Sementara itu, saat dimintai komentarnya, Inspektur Tambang Kaltim, Firmansyah Adi Prianto, tidak bersedia berbicara tentang kelengkapan perizinan CV SSP. Alasannya karena dirinya tidak memiliki kapasitas untuk menyampaikan hal tersebut.

"Saat tim ke sana bulan Agustus September 2022, tidak ada kegiatan pertambangan," kata Firmansyah, Senin (20/2/2023), saat ditanya mengenai pelaksanaan kaidah teknik pertambangan CV SSP dan hasil pengawasan yang dilakukan.

Soal bekas lubang tambang yang ikut menyebabkan banjir bandang di Sangasanga Dalam. Firmansyah menyebut telah memerintahkan CV SSP untuk melakukan kegiatan reklamasi. Sayangnya Firmansyah tidak menjelaskan lebih lanjut mengenai perintah reklamasi itu, termasuk batas waktu pelaksanaannya.

Tampak dari ketinggian lubang bekas tambang yang ditinggalkan perusahaan tanpa reklamasi./Foto: Istimewa

Mengenai reklamasi lubang tambang, Zainuri berpendapat, sewaktu CV SSP masih beroperasi, warga Sangasanga Dalam memang meminta agar lubang bekas tambang itu ditutup. Namun bicara hari ini, Zainuri menganggap wacana penutupan lubang bekas tambang yang kini sudah menjadi danau seluas 6 hektare sedalam 50 meter itu, agaknya menjadi pekerjaan yang mustahil.

"Awal mereka mau masuk kembali juga beralibi mau menutup danau. Tapi kalau tutup danau harus ambil tanah dari wilayah kami, sama saja dengan membuat kerusakan baru yang lebih parah. Warga berharap danau yang ada bisa dipagar kawat duri saja supaya aman dari anak anak," kata Zainuri.

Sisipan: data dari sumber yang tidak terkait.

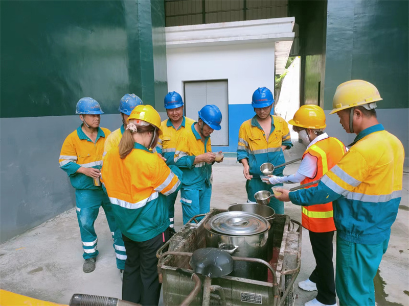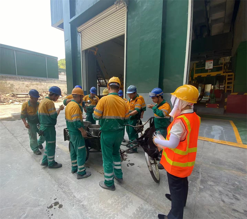 “大家辛苦了,天氣熱,要注意身體,快來喝冰鎮(zhèn)綠豆湯......”一句句關(guān)懷的話語和親切的慰問,讓奮戰(zhàn)在一線的員工們很是感動,也使他們切實的感受到了公司對他們的真情關(guān)愛,冷飲是涼的,但是暖了大家的心,每位員工的臉上都洋溢著幸福的笑容。
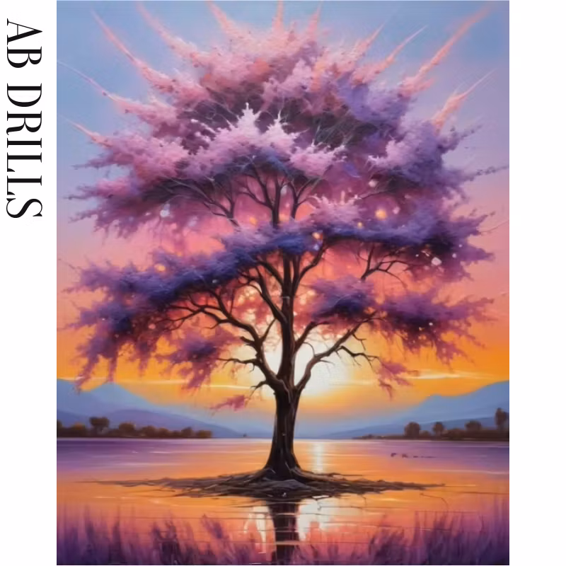 Diamanttavla AB Drills Träd Solnedgång 40x50
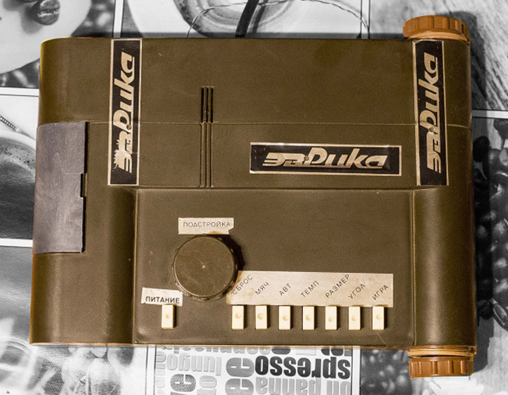 Электронная видеоигра *Эврика* выпускалась с 1989 года Харьковским заводом *Электробытприбор*. Предназначена для имитации на экране чёрно-белого или цветного телевизора пяти спортивных игр: Футбол, Теннис, Волейбол, Сквош, Хоккей. В любую игру может играть один или два человека. Телевизионный сигнал сформирован для просмотра на четвёртом или пятом канале телевизора. Питается приставка от 6 элементов А-373. Габариты приставки 300 х 260 х 65 мм, выносного пульта 90 х 50 мм. Масса без питания 1 кг.
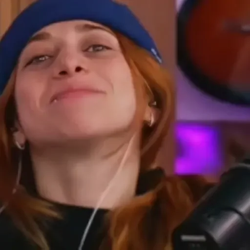 Uma jovem mulher com cabelos castanhos e um gorro azul olha para cima com uma expressão pensativa, usando fones de ouvido.
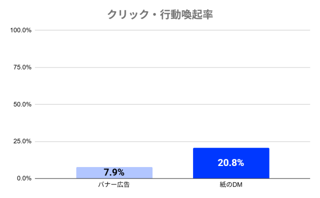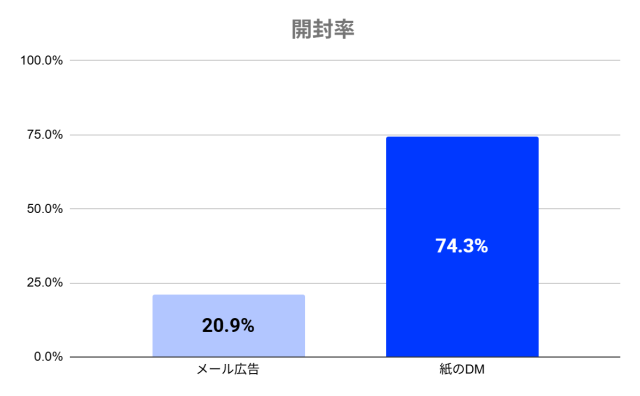 実際に、2024年に実施された日本ダイレクトメール協会の調査*²によると、メール広告の開封率は20.9%、バナー広告のクリック率は7.9%にとどまるのに対し、本人宛てに紙で届いたDMの開封率は74.3%、行動喚起率は20.8%と、非常に高い反応率を誇っています。
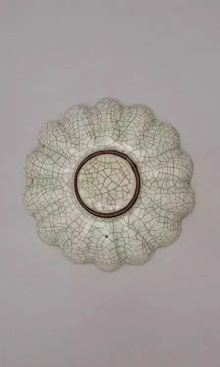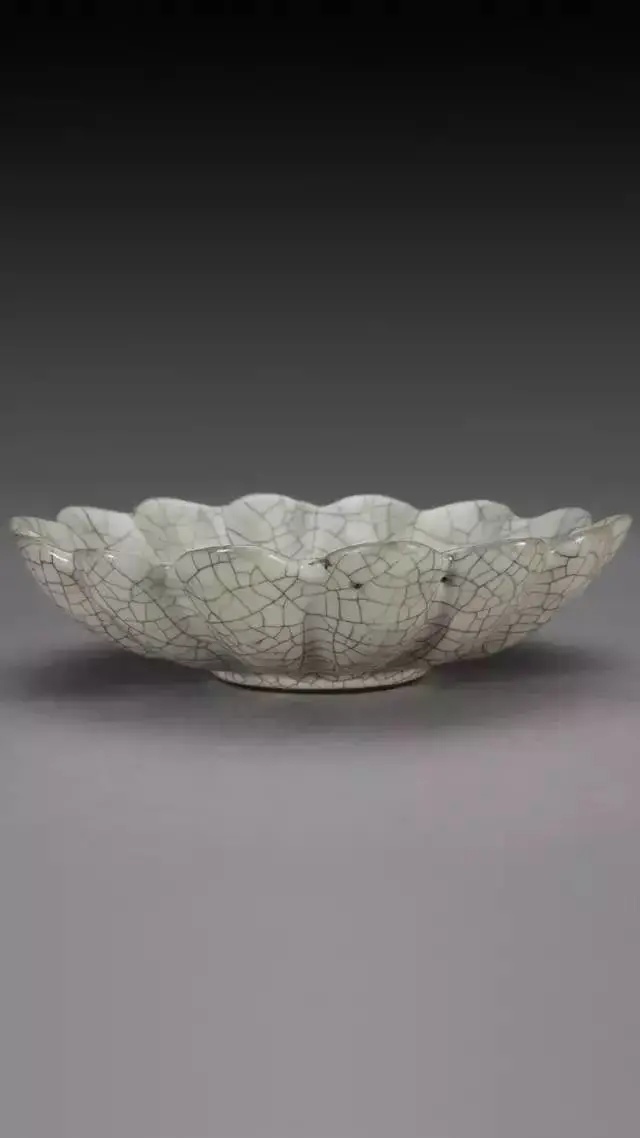 中国古代艺术家和陶瓷工匠在设计陶瓷造型时,善于从大自然动、植物中获得灵感,蛙形、虎形、 葵花形、菊花形等造型屡见不鲜。这件菊瓣式盘造型规整,灰青色釉素裹,交织如网的开片纹妙趣天成,堪称古陶瓷模仿花朵造型的典范。清宫旧藏传世哥窑灰青釉菊花式盘有两件,除此件以外,另一件现暂存于台北故宫。

Menurut Zainuri, kini lubang tambang peninggalan perusahaan-perusahaan tambang batu bara itu telah menyerupa danau. Air dalam lubang tambang itu cenderung asam, sehingga tidak dapat dimanfaatkan untuk kebutuhan air bersih warga.

"Kami khawatir kalau ada anak-anak yang berenang, karena tepi danaunya saja pernah kita ukur pakai bambu dalamnya lebih dari 4 meter. Bentuknya seperti patahan curam. Kalau ada anak yang berenang bisa tenggelam."

Hingga artikel ini selesai ditulis, upaya konfirmasi dan permintaan wawancara yang ditujukan kepada Kepala Dinas Lingkungan Hidup dan Kehutanan (DLHK) Kukar, Alfian Noor, tidak mendapat respon apapun dari yang bersangkutan.

Begitu juga dengan Direktur Pembinaan Pengusahaan Batu Bara, Lana Saria, dan Direktur Teknik dan Lingkungan Mineral dan Batu Barat, Sunindyo Suryo Herdadi. Kedua pejabat teras Kementerian Energi Sumber Daya Mineral (ESDM) itu sama-sama tidak memberikan tanggapan atas upaya konfirmasi dan wawancara yang coba dilakukan Betahita.